定番の“魔法少女モノ”かと思われたこの作品、実は希望と絶望をくり返す少女たちの壮絶な戦いを描いたストーリーでした。

この記事で紹介する第9話から第12話までのお話は、『劇場版魔法少女まどか☆マギカ [後編] 永遠の物語』に総集編としてまとめられていますのでこちらもあわせてご覧ください。

アニメ『魔法少女まどか☆マギカ』のあらすじとネタバレ

(C)Magica Quartet/Aniplex・Madoka Movie Project

第9話 「そんなの、あたしが許さない」

“人魚の魔女”になってしまったさやか。杏子はさやかの“死体”をかかえ、ほむらの協力で結界から脱出します。

さやかを探していたまどかに、ほむらは彼女が魔女になったことを伝えます。その冷静すぎる態度に腹を立てた杏子は「こいつはさやかの親友なんだぞ」とつかみかかります。

死体の扱いに気をつけるよう忠告するほむらに杏子は「てめぇ、それでも人間か?」と反発。「もちろんちがうわ。あなたもね」と言ってほむらは去っていきます。

深夜。ベッドでうずくまるまどかにキュゥべえが声をかけてきました。キュゥべえは、すべては宇宙の寿命をのばすためだと話し始めます。

エントロピー、つまり変換するたびにロスが生じ目減りする一方のエネルギー問題を解決するため、熱力学の法則にしばられないエネルギーを探した結果、見つけたのが魔法少女の魔力だというのです。

知的生命体の感情をエネルギーに変換するテクノロジーを発明したキュゥべえたち。しかし彼らには感情がなく、宇宙を探した結果人類にたどり着いたのです。

最も効率がよいのは第二次性徴期の少女の希望と絶望の相転移のとき。ソウルジェムが燃え尽きてグリーフシードになるときに発生する膨大なエネルギーを回収するのがキュゥべえ=インキュベーターの役割だといいます。

遠い未来に人類がこの星を離れ自分たちと近い存在になるとき、エネルギーが枯渇していたら困るだろう?とキュゥべえ。

それに、契約は合意の上だから良心的だと。いつまでたってもまどかとキュゥべえはお互いを理解できません。

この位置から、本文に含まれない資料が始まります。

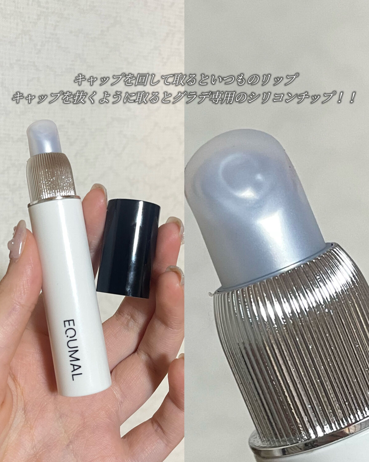 - 韓国のビューティー系インフルエンサー、LAMUQUE(ラミュク)さんが手掛けるブランド「EQUMAL(エクマル)」のティントリップ。 オイル膜が水分ティントを包み込み、みずみずしくツヤのある仕上がりをキープします。 時間が経過するほど透明感が増し、ツヤっとした質感が引き立ちます! ✓40%の水分量とローズリップオイルを配合 ✓ グラッシーグロウフィニッシュ:美しい発色&立体的&透明感溢れる仕上がり ✓ 革新的な使い心地:唯一無二の『シグネチャーリップスプレッダー』 →カラーを均一に密着させた後にグレーザーで唇の外側をぼかすと簡単にグラデーションリップ出来上がり! ✓ ベタつかずに時間が経つとともに浮かんでくるオイルの艶感!潤いとツヤを一日中キープ!

「いつか君は最高の魔法少女になり、そして最悪の魔女になるだろう。この宇宙のために死んでくれる気になったらいつでも声をかけて。待ってるからね」

一方、死体を部屋に持ち帰った杏子はキュゥべえに、さやかを元に戻す方法をたずねますが明確な答えは帰ってきません。

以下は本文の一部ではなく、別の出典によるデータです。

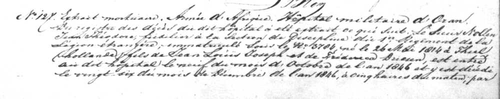 Daarin werd vastgelegd dat op 26 december 1846, fuselier Jean Theodore Nollen van de Section de Discipline du 1er Régiment de la Légion Etrangere, ingeschreven onder het nummer 3786, was overleden aan “bronchise”.

翌朝、姿を見せないさやかを仁美が気にしています。まどかはテレパシーで杏子に呼び出され学校をサボります。

「美樹さやか、助けたいと思わない?」

助けられないとわかるまであきらめたくないと杏子は言います。一番仲の良かったまどかの声なら届くかもしれない。「最後に愛と勇気が勝つ」魔法少女ってそういうものだと思い出させてくれたのはさやかだった、と杏子は笑います。

まどかは手伝わせてほしいと手を差し出し、改めて自己紹介するのでした。

そのころ学校ではほむらが、まどかの欠席を不審に思い教室を抜け出していました。

“人魚の魔女”を探しながら杏子は、ほむらとはワルプルギスの夜を倒すために共闘しているだけだと言います。

まどかが、魔法少女にならない自分はずるいかとたずねると杏子は、幸せな奴が気まぐれで魔法少女になるなんて許さないと怒り、命を危険にさらすのはそうするしかない奴がすること、命がけで戦わなきゃいけないときがきたらそのとき考えればいい、と持論を展開します。

結界に侵入したふたりは魔女と対峙します。手はずどおりまどかはさやかに向けて話しかけ、杏子は防壁を展開してまどかを守ります。魔女はたくさんの車輪で無抵抗な杏子を攻撃し、防壁が破られまどかに危機が迫って初めて杏子は反撃します。

魔女がフロアを壊し杏子とまどかは落下。気を失ったまどかを抱きとめたのはほむらでした。杏子はほむらにまどかを託し、こいつはあたしが引き受ける、と祈りのポーズをとります。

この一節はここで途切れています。